Now $M_2M_1M_0 = \begin{pmatrix}0 & 1\\-1&0\end{pmatrix}$, meaning that after going from $t=-\epsilon$ to $t=1-\epsilon$, basis element $1$ (at $t=-\epsilon$) has wound up at the negative of basis element 2 (at $t=1-\epsilon$), which is equal to the negative of original basis element 1 at $t=-\epsilon.$ Similarly, basis element $2$ (at $t=-\epsilon)$ has wound up at basis element 1 at $t=1-\epsilon$, which is negative basis element 1 at $t=-\epsilon.$ So I calculate a monodromy of -1.

Did I make a mistake? I hope so!

One observation is that a reversal of the sign convention for the critical trajectories leads to a monodromy of +1 in the above (still-possibly-incorrect) calculation. I have asked Michael if the opposite convention is perhaps preferred.

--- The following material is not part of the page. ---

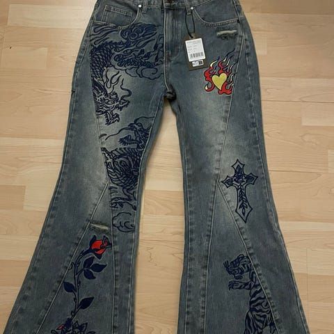 Hyväkuntoiset Ed Hardyn farkut. Ostettu Torista käytettynä, mutta laitan takaisin myyntiin, sillä olivatkin minulle liian isot. Vastaa ehkä ennemmin kokoa M.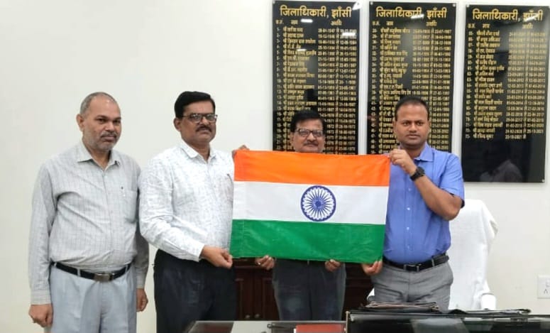 झांसी। आज कलेक्ट्रेट में जनता दर्शन के दौरान जिलाधिकारी रविंद्र कुमार ने जनपद वासियों से अपील करते हुए कहा कि अमृत महोत्सव के अंतर्गत विगत वर्ष की भांति इस वर्ष भी हर घर तिरंगा अभियान चलाया जा रहा है, दिनांक 13 अगस्त से 15 अगस्त तक अधिक से अधिक नागरिक अपने घरों में तिरंगा फहराया जाना सुनिश्चित करें। जिलाधिकारी श्री रविंद्र कुमार ने कहा कि जनपद में लगभग 03 लाख से अधिक राष्ट्रीय ध्वज को फहराए जाने का लक्ष्य निर्धारित किया गया है। अतः समस्त विभागीय अधिकारी अपने लक्ष्य के अनुसार डाकघरों से राष्ट्रीय ध्वज निर्धारित धनराशि में क्रय करना सुनिश्चित करें।उन्होंने यह भी निर्देश दिए कि अधिक झंडों की आपूर्ति के लिए डाकघर को पूर्व में सूचित कर दें ताकि समय से राष्ट्रीय ध्वज की उपलब्धता सुनिश्चित हो सके। जनता दर्शन के दौरान श्री बी0 के0पांडेय प्रवर अधीक्षक डाकघर झांसी मंडल झांसी ने जिलाधिकारी को अवगत कराया कि डाक विभाग आजादी का अमृत महोत्सव के अन्तर्गत विगत वर्ष की भाँति इस वर्ष भी हर घर तिरंगा अभियान को आगे बढ़ाते हुए राष्ट्रीय ध्वज उपलब्ध करा रहा है, साटन / पॉलिएस्टर से निर्मित 30इच 20 इंच आकार वाले राष्ट्रीय ध्वज विक्रय हेतु डाकघरों में उपलब्ध हैं, जिनका मूल्य रूपए 25/- निर्धारित किया गया है। बी0के0 पांडेय प्रवर अधीक्षक डाकघर ने बताया कि उत्तर प्रदेश शासन के विभिन्न विभागों को हर घर तिरंगा अभियान 2.0 के लिए झंडों की आवश्यकता है। इस सम्बन्ध में आपको अवगत कराना है कि डाक विभाग द्वारा वांछित संख्या में झंडों की आपूर्ति मंडल के समस्त 612 डाकघरों द्वारा चिन्हित स्थानों पर करायी जा सकती है। इस सम्बन्ध में किसी भी जानकारी अथवा सहायता हेतु ए0के0 त्रिपाठी, सीनियर पोस्टमास्टर प्रधान डाकघर झांसी (मोबाइल नं0 9452808518) की सहर्ष उपलब्धता रहेगी। इसके अतिरिक्त उक्त कार्य के लिए झांसी डाक मण्डल के नोडल ऑफिसर देश दीपक शुक्ला (मोबाइल नं० 9453020563) भी किसी भी समस्या के समाधान के लिये सदैव उपलब्ध रहेंगे। इस अवसर पर बी0के0 पांडेय अवर अधीक्षक डाकघर, झांसी मंडल झांसी, ए0के0 त्रिपाठी सीनियर पोस्ट मास्टर प्रधान डाकघर झांसी, नोडल ऑफिसर देश दीपक शुक्ला झांसी डाक मंडल उपस्थित रहे।

I guess the part I was confused about is correct. If we write change of basis from old to new, then the matrices are written from the right to the left.

I cannot run your sage codes correctly, and I haven’t used sage for a long time. Could you post the pictures for $t=\pm\epsilon$? I just wanted to compare your matrix crossing $t=0$ with the matrix using the other way I posted. Thanks!

Well, $M_0$ happens first, and that is on the right, then $M_1,$ etc. I’ll put up some pictures at $t = -\epsilon, t = 0, t = +\epsilon.$

Thanks! I guess the vector field should be $\bar{z}^2-e^{-it}=(x^2-y^2-\cos t, \sin t-2xy))$, so pointing reversely.

Michael confirms that the opposite convention is indeed correct, so the monodromy is +1. Case closed!

Great! I guess the previous matrix is from new basis to old basis.